→ **Exercise brief**: Copy out the lines beginning at the one with "کارنامه کاردانی کامپیوتر 1403" and ending at the last line of the data, both included; pictures stay out.

*** Extracted entries Section Begins ***

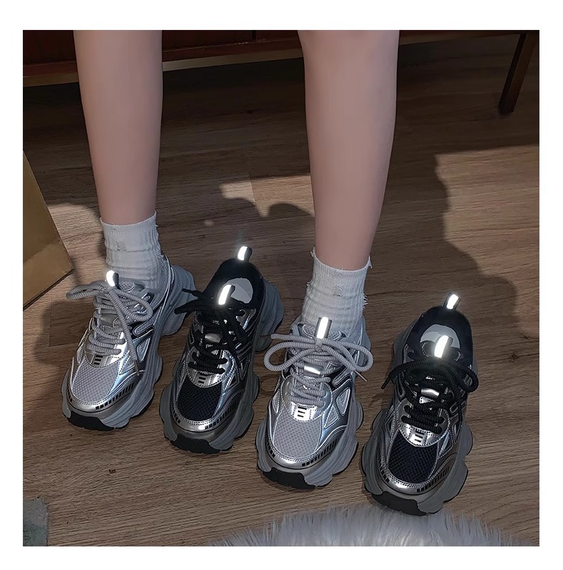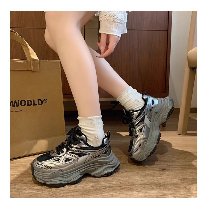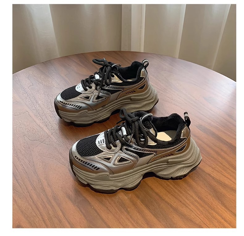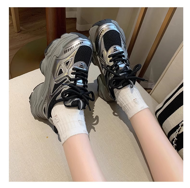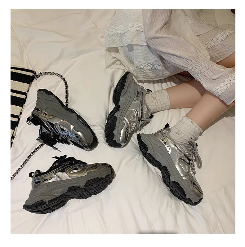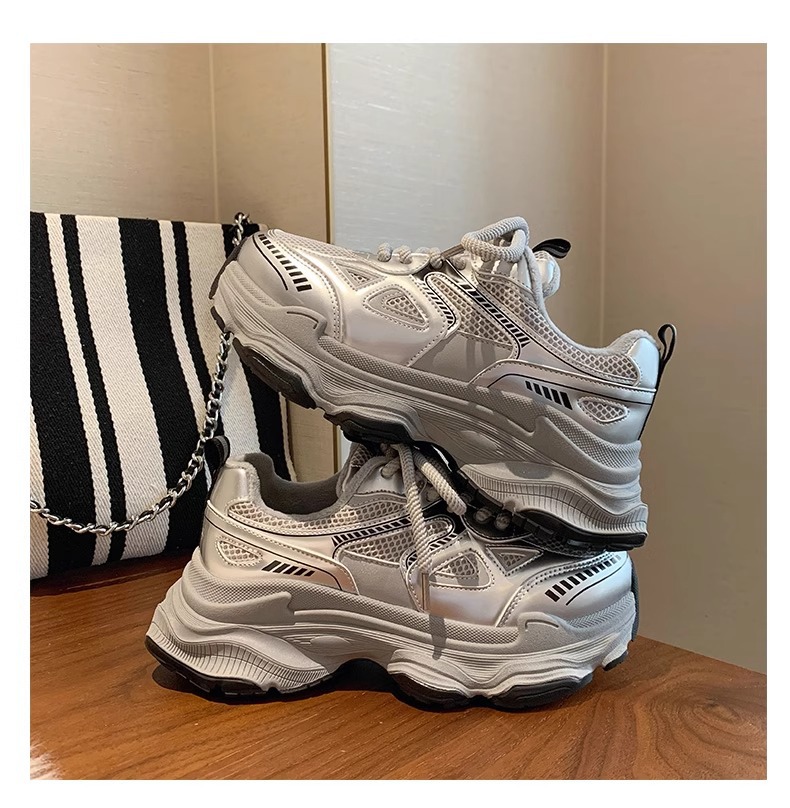 厚い底の銀色のお父さんの靴の女性の金の2025新型の春秋はネットの通気性を高めてパリの運動靴の靴を走ります。
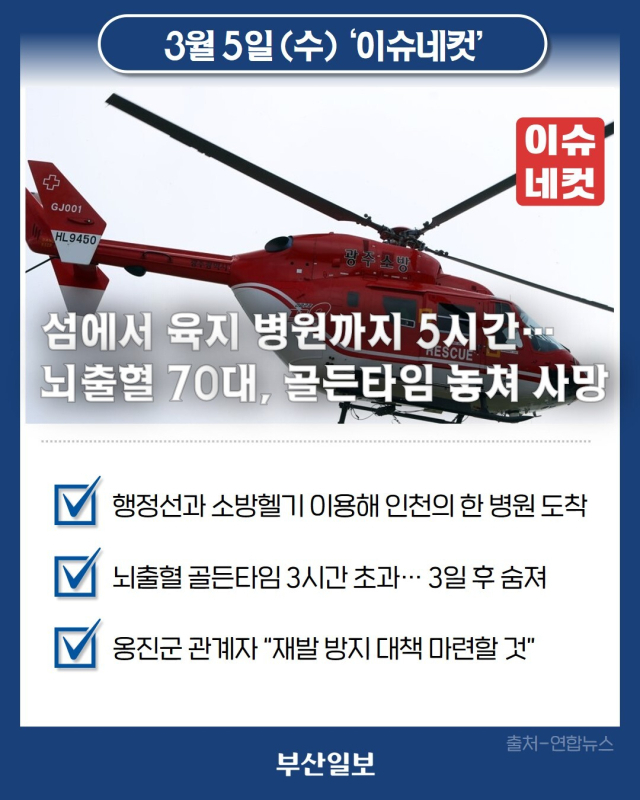 섬에서 육지 병원까지 5시간… 뇌출혈 70대, 골든타임 놓쳐 사망
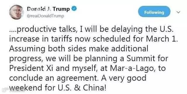 磋商结束后,美国总统特朗普在其推特账户上宣布,美国将推迟原定于3月1日上调对中国输美商品加征关税的计划。
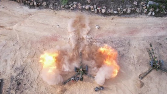 炮弹呼啸出膛直击目标
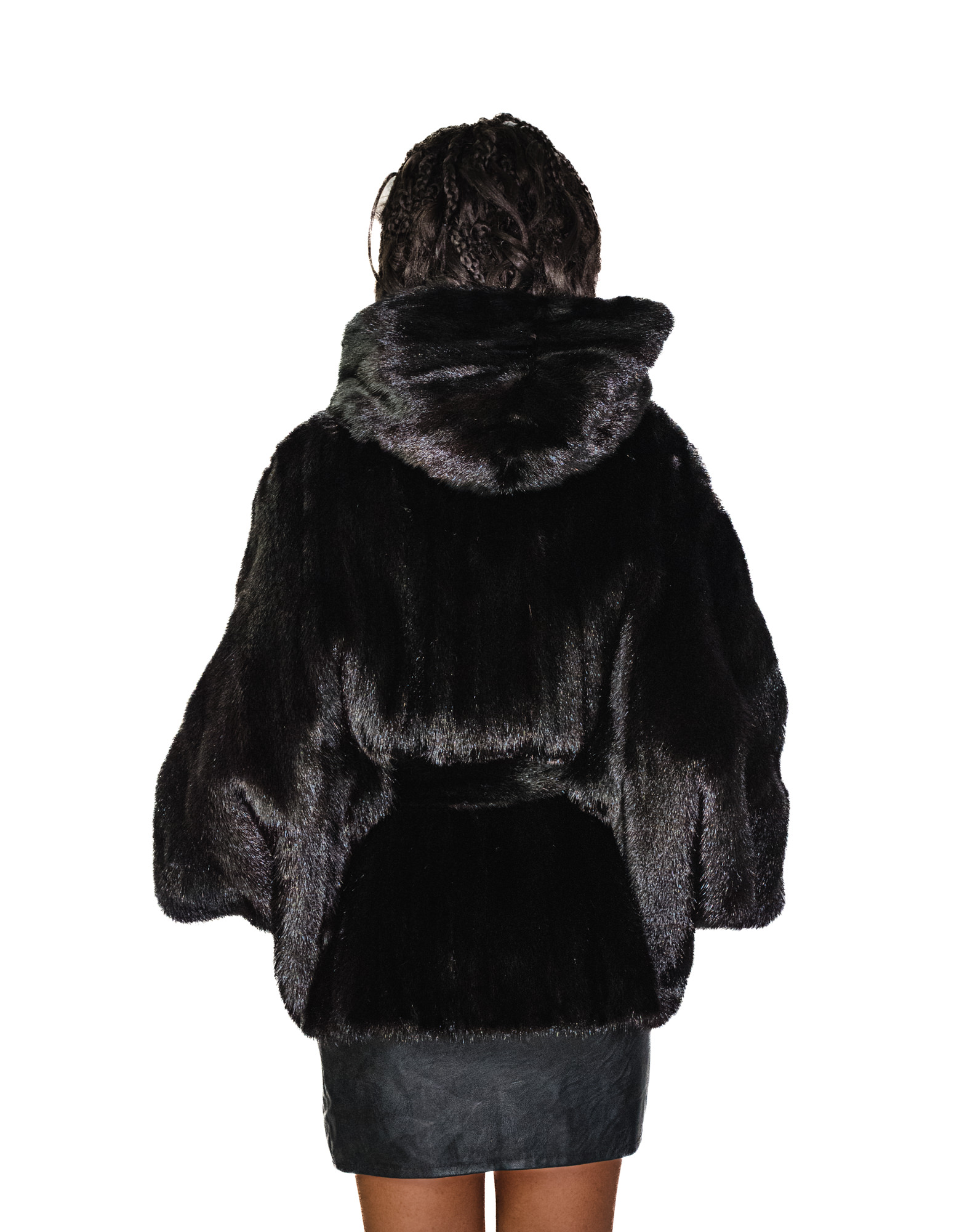 Черная норковая накидка 46-52 с вертикальной обработкой капюшона и внутренним меховым поясом наружные карманы
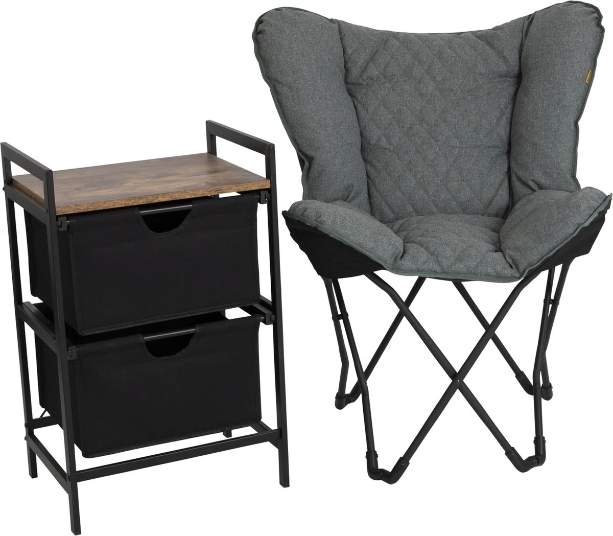 Geniet van je dag op de camping, in je tuin of in je woonkamer op deze Himrod inklapbare vlinderstoel van Bo-Camp! De kampeerstoel heeft een licht gebogen rugleuning en een gevoerde kationische zitting, zodat je lichaam comfortabel ondersteund wordt. Het stevige stalen frame draagt bij aan de stabiliteit van de stoel. De stoel kan verder gemakkelijk worden ingeklapt en in de meegeleverde draagtas worden opgeborgen. Het moderne patroon draagt bij aan het stijlvolle ontwerp. Dit product maakt deel uit van het Industrial assortiment van Bo-Camp.
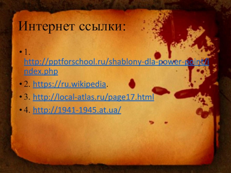 Интернет ссылки:1. http://pptforschool.ru/shablony-dla-power-point/index.php2. https://ru.wikipedia.3. http://local-atlas.ru/page17.html4. http://1941-1945.at.ua/
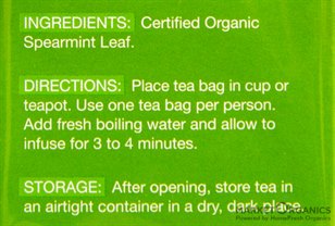 Product Description: Enjoy the clean, refreshing flavour of organic spearmint. Chill the infusion in summer for a thirst quenching ice tea.
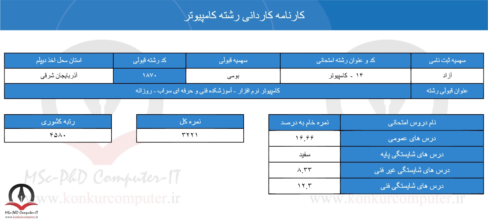 کارنامه کاردانی کامپیوتر 1403
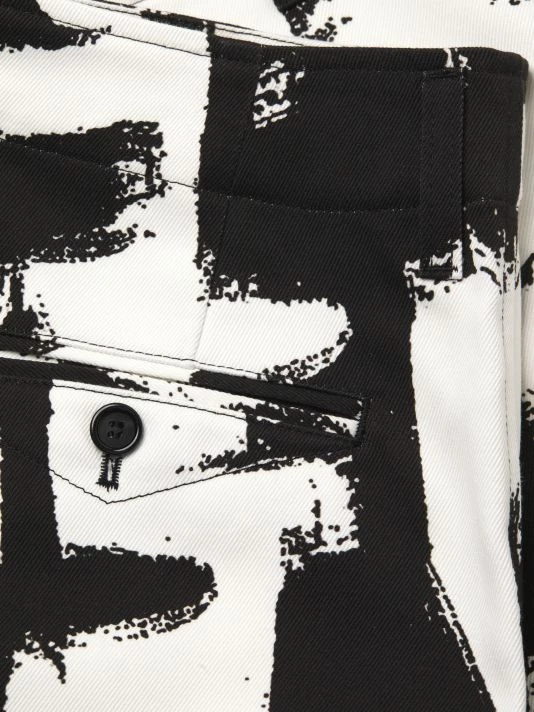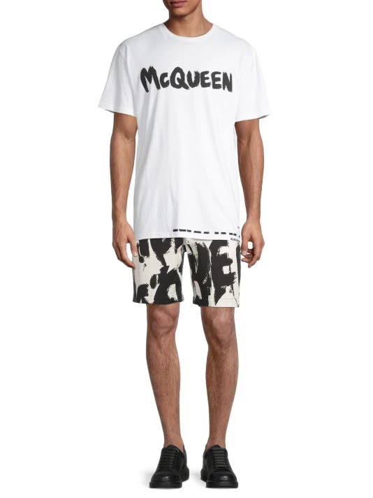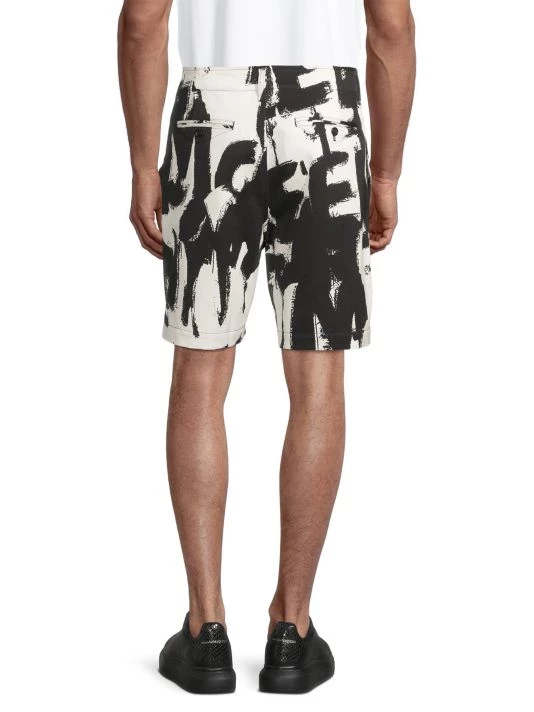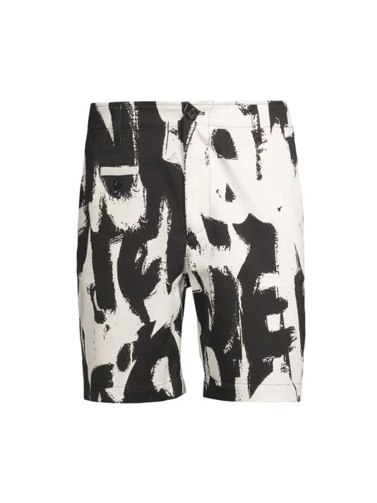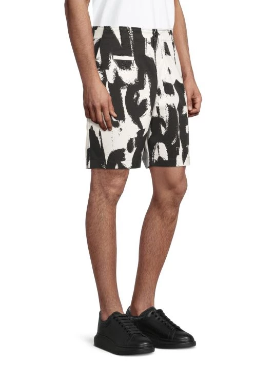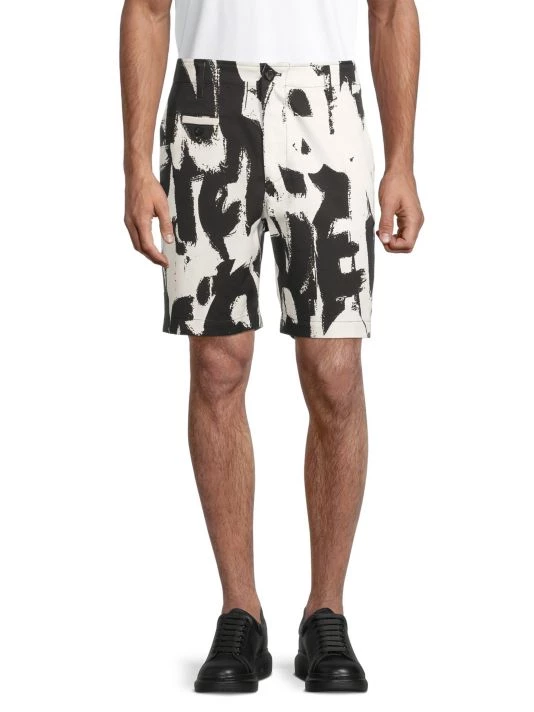Inspired by London skies, this Alexander McQueen collection features cloud prints on linen, wool, and silk designs. Each piece encompasses casual and formal wear, from structured blazers to crewneck sweatshirts and spiked leather loafers, staying true to the brand’s slim-fit silhouettes. Crafted in Italy, these chino shorts showcase an enlarged graffiti pattern.
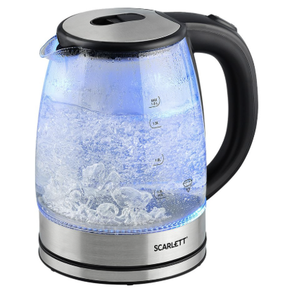 Компактнее предыдущего — объем 1.5 литра. Мощность 1500 Вт, вода нагревается за 6-7 минут на полный чайник. Корпус стеклянный с пластиковыми деталями. Колба из стекла. Весит 1.1 кг. Размеры: 16 × 23 × 22.5 см. Длина шнура — 70 см, короче, чем у Scarlett.

*** Extracted entries Section Ends ***

→ **Reply to the exercise**:
 کارنامه کاردانی کامپیوتر 1403
Inspired by London skies, this Alexander McQueen collection features cloud prints on linen, wool, and silk designs. Each piece encompasses casual and formal wear, from structured blazers to crewneck sweatshirts and spiked leather loafers, staying true to the brand’s slim-fit silhouettes. Crafted in Italy, these chino shorts showcase an enlarged graffiti pattern.
 Компактнее предыдущего — объем 1.5 литра. Мощность 1500 Вт, вода нагревается за 6-7 минут на полный чайник. Корпус стеклянный с пластиковыми деталями. Колба из стекла. Весит 1.1 кг. Размеры: 16 × 23 × 22.5 см. Длина шнура — 70 см, короче, чем у Scarlett.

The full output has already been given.